Currently set to Index
Currently set to Follow

Seberapa Besar Sih Pengaruh Influencer ke Harga Aset Kripto? Yuk, Simak di Sini!

Sobat Cuan investor aset kripto mungkin sering bertanya-tanya faktor apa saja sih yang sebenarnya memengaruhi harga aset kripto sehari-hari? Apalagi setelah melihat fakta bahwa harga aset kripto bisa anjlok atau meroket gara-gara cuitan para crypto influencers di Twitter.

Contoh nyatanya bisa kamu cek sendiri baru-baru ini. Pada Jumat lalu (4/6) harga Bitcoin melorot setelah Elon Musk mengunggah cuitan yang menunjukkan bahwa dia sudah tidak jatuh cinta lagi dengan aset kripto top dunia ini.

CEO Tesla itu mengunggah gambar meme tentang pasangan yang berpisah karena sang perempuan menemukan ‘orang lain’. Kemudian sang lelaki mengutip lirik grup musik Linkin Park, dan Elon Musk menambahkan tagar #Bitcoin serta emoji patah hati.

Setelah cuitan tersebut, terpantau Bitcoin turun 4,3% ke level US$36.925,74 pada pukul 16.03 waktu ET Jumat lalu.

Tak hanya ucapan Musk, harga aset kripto pun bisa terjerembab atau meroket gara-gara ucapan crypto influencers lainnya. Nah, kamu bisa baca daftarnya di sini, ya!

Melihat hal tersebut pasti muncul pertanyaan, sejauh mana berbagai suara serta cuitan yang mendukung dan menentang Bitcoin, altcoin, dan stablecoin mempengaruhi harga? Apakah harga berubah mengikuti cuitan crypto influencers? atau apakah influencers hanya bercuit setelah perubahan harga?

Ketika kita berbicara tentang dampak yang berpotensi dimiliki crypto influencers terhadap harga aset kripto, fokus utama perlu kita geser. Kita perlu menilik evaluasi sentimen publik yang beredar di platform media sosial.

Baca juga: Harganya Turun, Sepenting Apa Sih Investasi Ethereum di Portofolio Kamu?

Seberapa Besar Sih Pengaruh Influencer ke Harga Aset Kripto? Yuk, Simak di Sini!, Pluang

Crypto Influencers: Mengubah Opini menjadi Sebuah Profesi

Ada berbagai influencer kripto di Twitter, mulai dari pakar blockchain, pemuja Bitcoin, hingga trader profesional.

Setiap hari, mereka menyebarkan pengetahuan dan pendapat mereka di platform media sosial.

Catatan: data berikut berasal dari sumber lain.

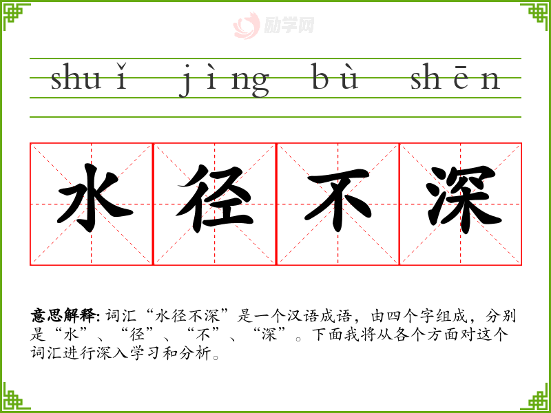 通过对“水径不深”这个词汇的深入学,我认识到它在描述事物表面现象时的简洁性和实用性。在语言学和表达中,理解并正确使用这样的成语可以增强表达的准确性和丰富性。

Mengambil sikap sangat penting bagi influencer karena membantu menentukan kelompok audiens mereka dan akhirnya menjual layanan atau produk mereka.

Tapi apa dampak sebenarnya yang dimiliki influencer Twitter terhadap harga aset kripto?

Perusahaan layanan pemasaran dan hubungan masyarakat BDCenter Digital melakukan riset ekstensif terhadap masalah ini, dari 2018 hingga Juni 2020. Para peneliti menganalisis lebih dari 1 juta tweet dari lebih dari seratus crypto influencers yang dipilih melalui serangkaian kriteria khusus.

Setiap akun yang diteliti harus memiliki setidaknya 10.000 pengikut dan bukan milik proyek kripto atau blockchain tertentu. Selain itu, mereka harus mem-posting setidaknya satu hingga dua tweet sehari, bertindak secara informatif, dan memiliki pengikut aktif.

Peneliti memilih akun dengan tingkat engagement (keterlibatan audiens) lebih dari 500% untuk penelitian ini. Tingkat keterlibatan merupakan faktor penting dalam penelitian. Adapun “akun kelas ikan paus” menunjukkan engagement yang jauh lebih sedikit, tetapi akun dengan 50.000 hingga 100.000 pengikut yang menunjukkan interaksi tertinggi.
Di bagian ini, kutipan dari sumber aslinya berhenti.